## INFORMATION SHOWN
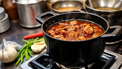 Dark soy sauce-based adobo bubbling in a cast iron pot on a stove, aromatic ingredients beside it, rustic kitchen background, commercial cooking scene, stock photo quality
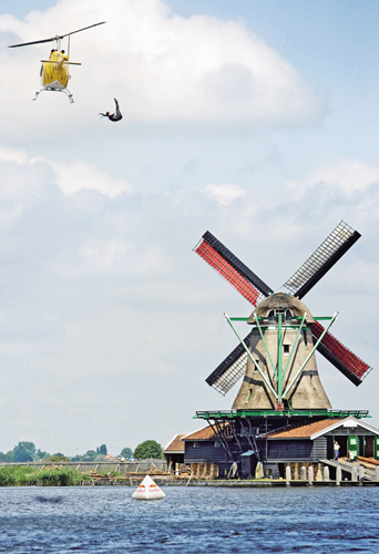 10米臺?還是3米板?跳水一定要站在固定的地方往下跳嗎?哥倫比亞選手奧蘭多·杜克日前就從飛翔在30米高空的直升飛機上縱身跳下……轉(zhuǎn)體、空翻、抱膝一系列動作做得絲絲入扣,并不比奧運冠軍田亮遜色多少。
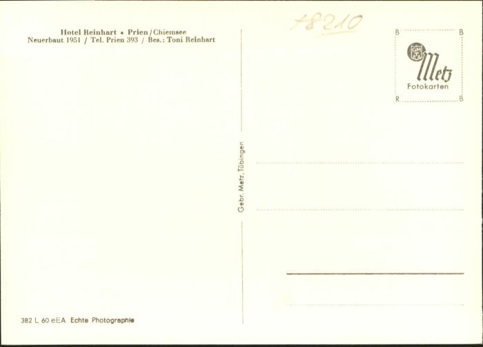 40774667 Prien Chiemsee Bayern Hotel Reinhart postalisch nicht gelaufen Alte Ansichtskarte Postkarte Katcode 11110009187162
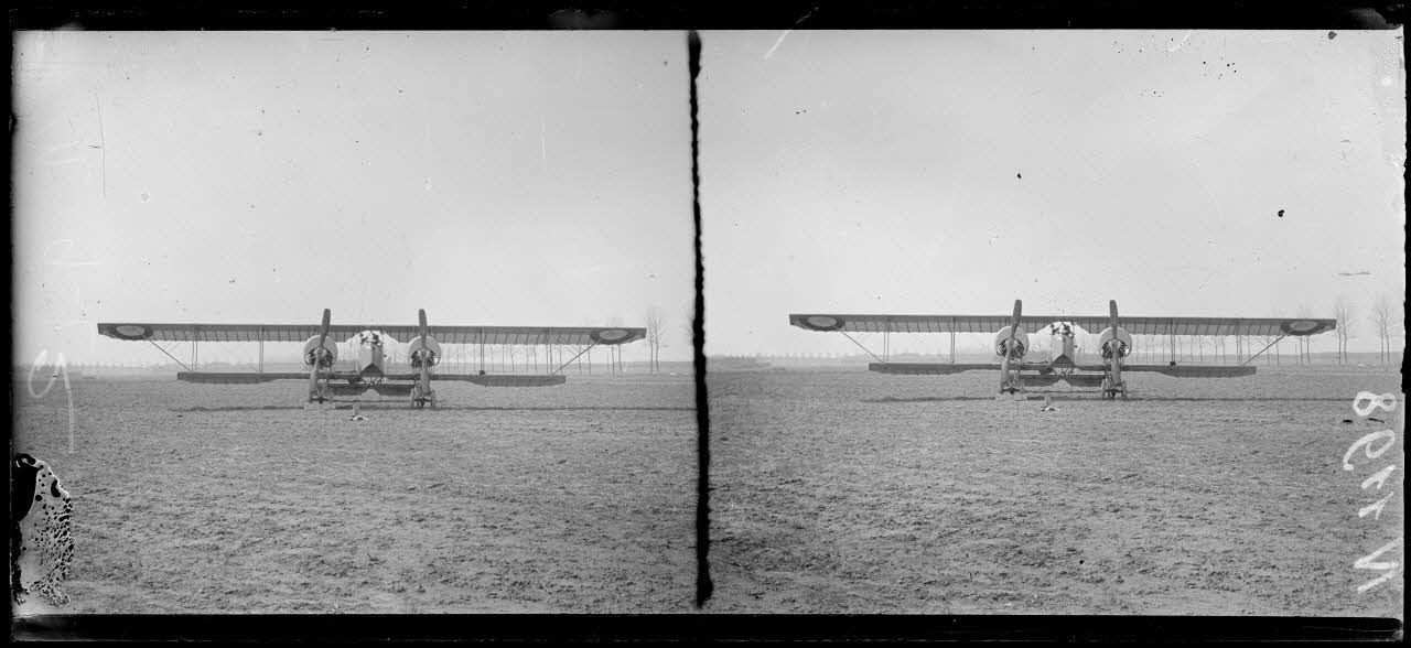 Bouy (Marne). Camp d'aviation. Appareil Farman de reconnaissance; biplace vu de face (6-4-17).
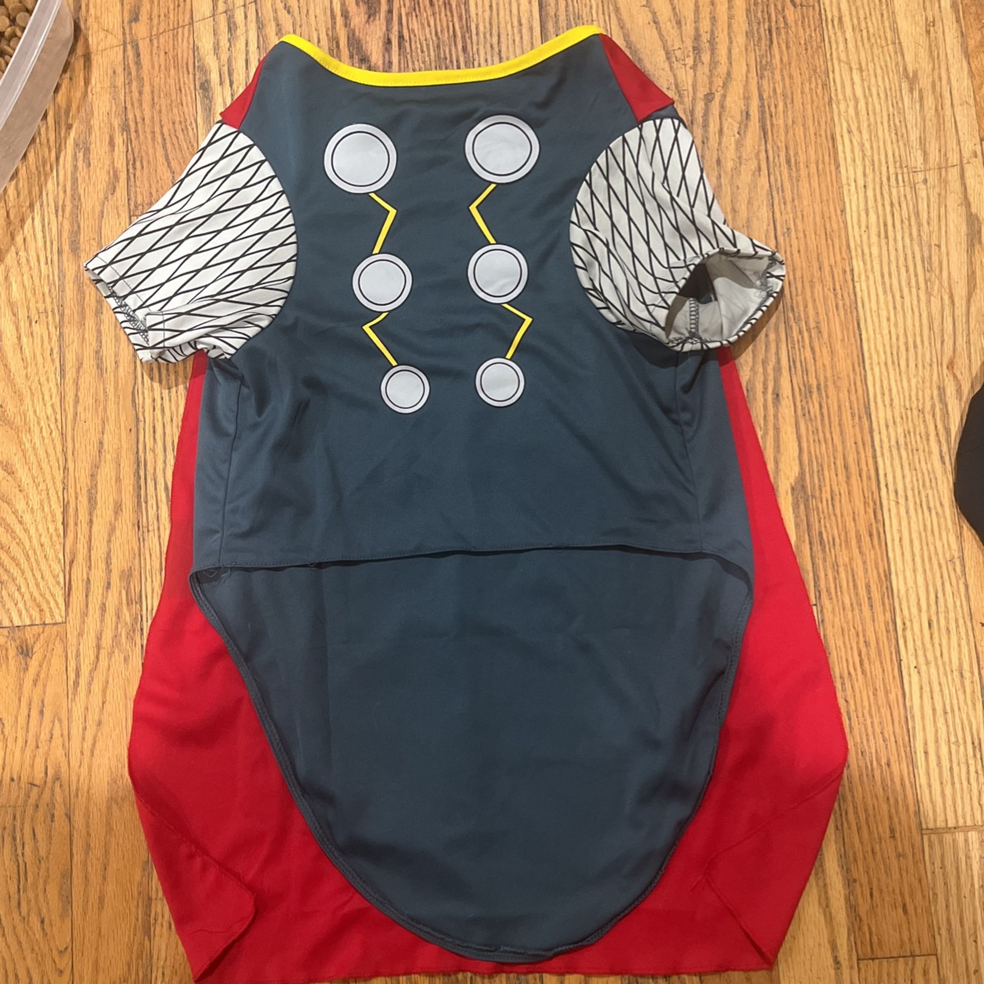 This item is free. My dog is 80lbs but it was too small. Size XL Thor Halloween costume

## PROMPT
I need the lines from the one holding "10米臺?還是3米板?跳水一" through the last line of the entries set down exactly, with every picture left out.

## TASK SOLUTION
 10米臺?還是3米板?跳水一定要站在固定的地方往下跳嗎?哥倫比亞選手奧蘭多·杜克日前就從飛翔在30米高空的直升飛機上縱身跳下……轉(zhuǎn)體、空翻、抱膝一系列動作做得絲絲入扣,并不比奧運冠軍田亮遜色多少。
 40774667 Prien Chiemsee Bayern Hotel Reinhart postalisch nicht gelaufen Alte Ansichtskarte Postkarte Katcode 11110009187162
 Bouy (Marne). Camp d'aviation. Appareil Farman de reconnaissance; biplace vu de face (6-4-17).
 This item is free. My dog is 80lbs but it was too small. Size XL Thor Halloween costume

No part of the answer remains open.